Platforms are blocking independent researchers from investigating deepfakes
Sora and other platforms are proliferating content at an unprecedented speed, but researchers are unable to investigate how the content is reaching or impacting people.
Hello from Lisbon, where I’m representing Hard Reset at the Web Summit this year. I have so many thoughts marinating about everyone’s blind sprint to adopt AI as well as the friction between human culture and AI, but I’m still here and processing, so I’ll fill you in with a full dispatch later.
I just had a conversation with Brandi Geurkink, executive director at the Coalition for Independent Tech Research. They work with independent researchers across academia, journalism, and civil society to challenge the tech industry’s resistance to research in the public interest.
As we know, reality online—and subsequently offline—is becoming murkier by the second. Trust and safety teams and human content moderators have been gutted or paid pennies, and regulators in America have been unable to bring forward meaningful policy change around privacy, the data accumulation schemes to train AI models, and the proliferation of unsafe content.

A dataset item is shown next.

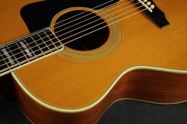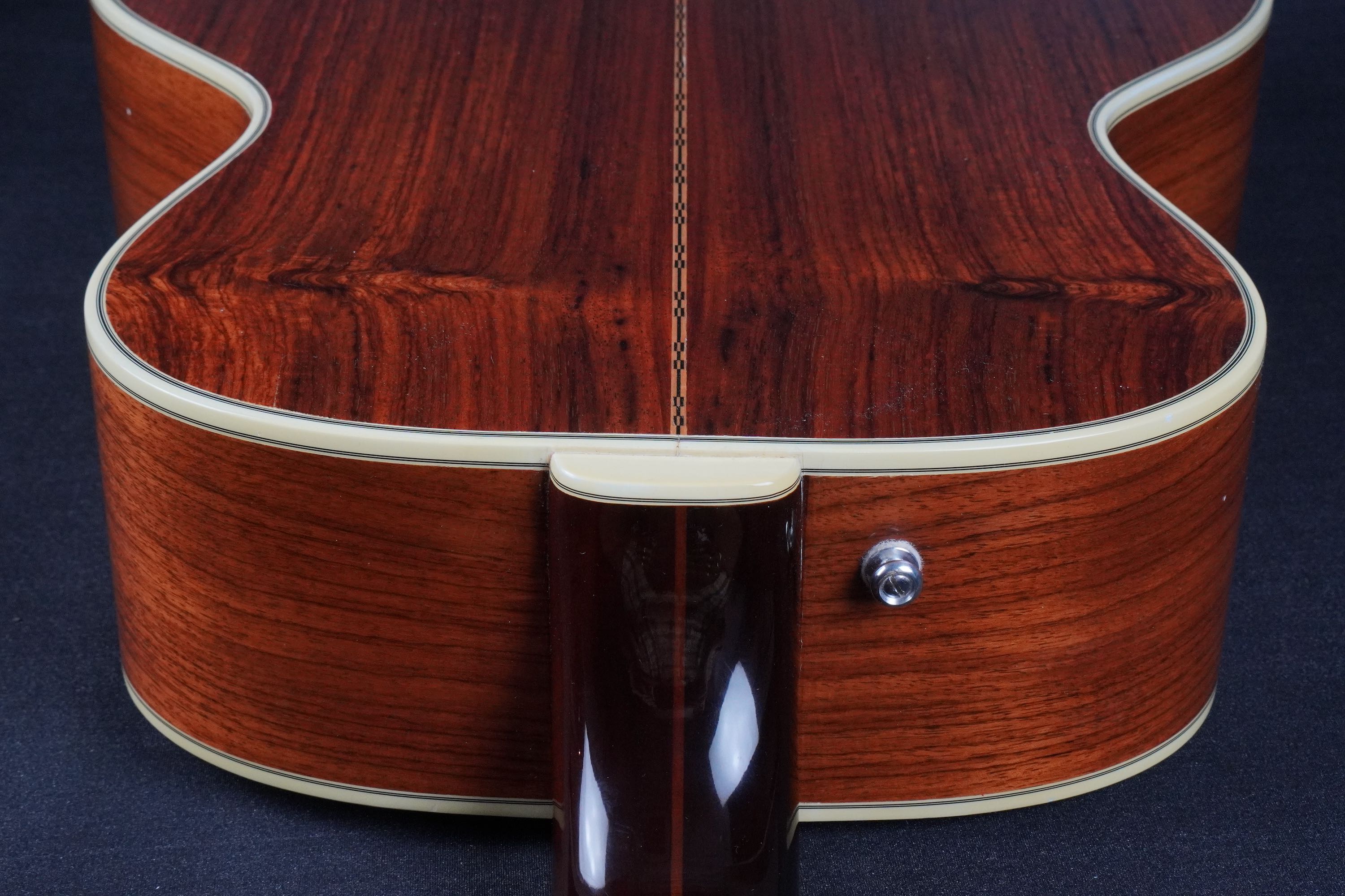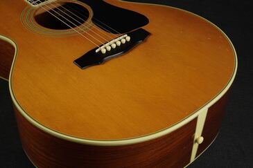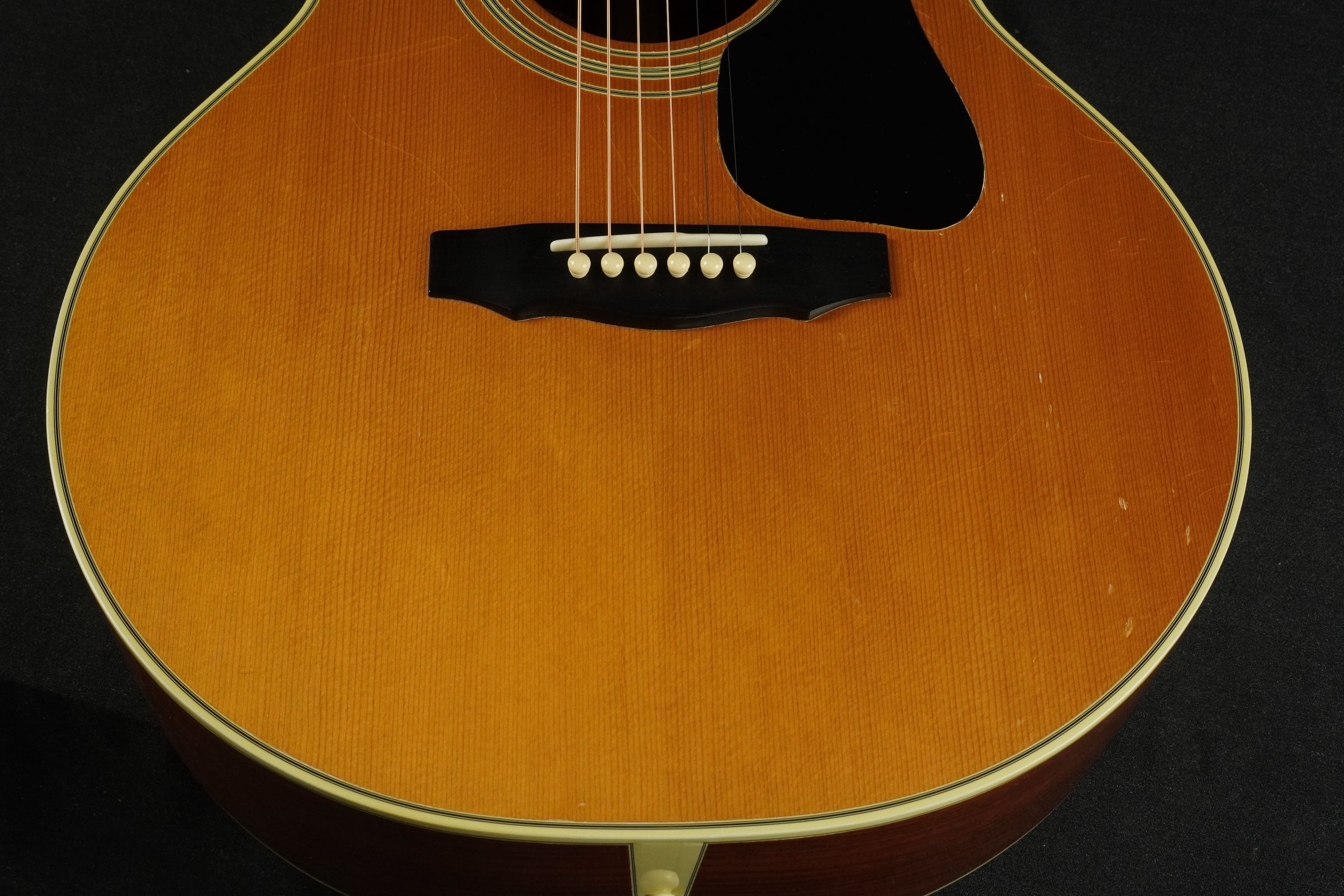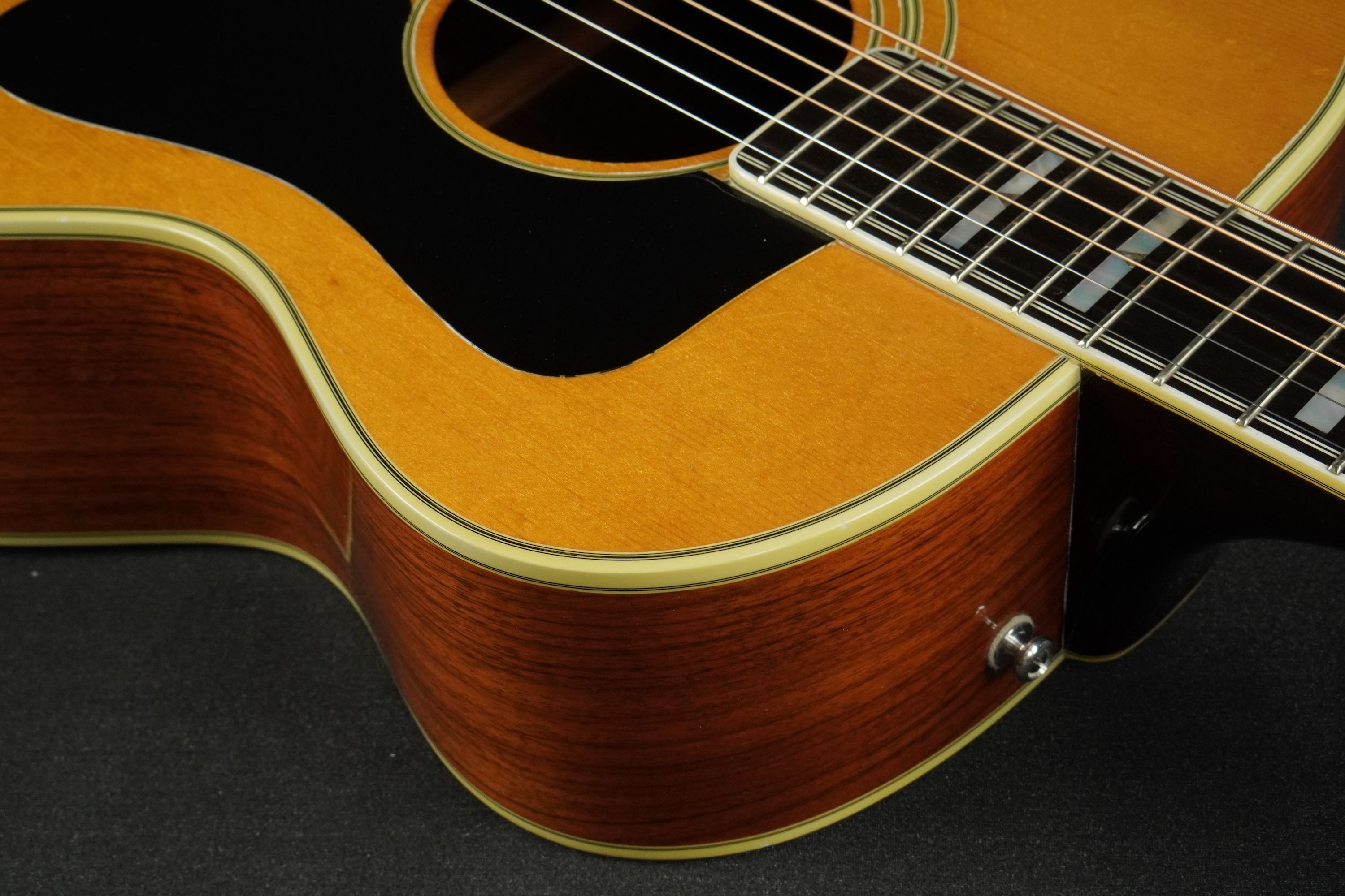 ギルドでは「Aragon」などとも呼ばれるF-30は、MartinでいうOMや000と同程度のボディサイズで25.5インチスケール、スプルース トップにマホガニーのサイド&バックを持ったモデルですので、感覚的にはOM-18のような立ち位置の機種でありますが、1970年代に入ってお尻が丸みを持ったボディシェイプで、胴厚も厚めとなったボディシェイプに変更されており、70年代の初頭にはサイド&バックにローズウッドを用いたF-30Rというモデルも登場します。

And now the floodgates are open. With the recent entry of OpenAI’s video generation tool Sora, many versions of visual and audio reality are possible, and chaos may reign. For instance, a few weeks ago, a conservative preacher criticizing billionaires went viral on TikTok, only to then be identified as a Sora deepfake. The latest iteration of Sora (Sora 2) is only available in a few countries, and OpenAI claims they are cracking down on deepfakes following concerns raised by actor Bryan Cranston. But that’s of little solace to journalist Chris Stokel-Walker, who has been teaching people for years how to spot a fake, and says that Sora 2 is a “godsend” for people who want to muddy what is true on the web.
One of many things we don’t understand about this content is exactly how it’s being allowed to show up on people’s feeds or take space in their minds. In the past, independent researchers had some access to understand the ripple effects: for instance, one study found that 50% of internet traffic comes from non-human sources, meaning that what we think of as true and human online is increasingly being challenged.
But today, platforms are limiting independent researchers from understanding what might happen if and when, for example, someone sees an AI video about criminals supporting New York City mayor-elect Zohran Mamdani. Did viewers know that it was AI? If they did, how influenced were they by AI content as opposed to other video campaigns? How did the speed at which Andrew Cuomo’s campaign crafted that video lead to its potency, virality, or timeliness?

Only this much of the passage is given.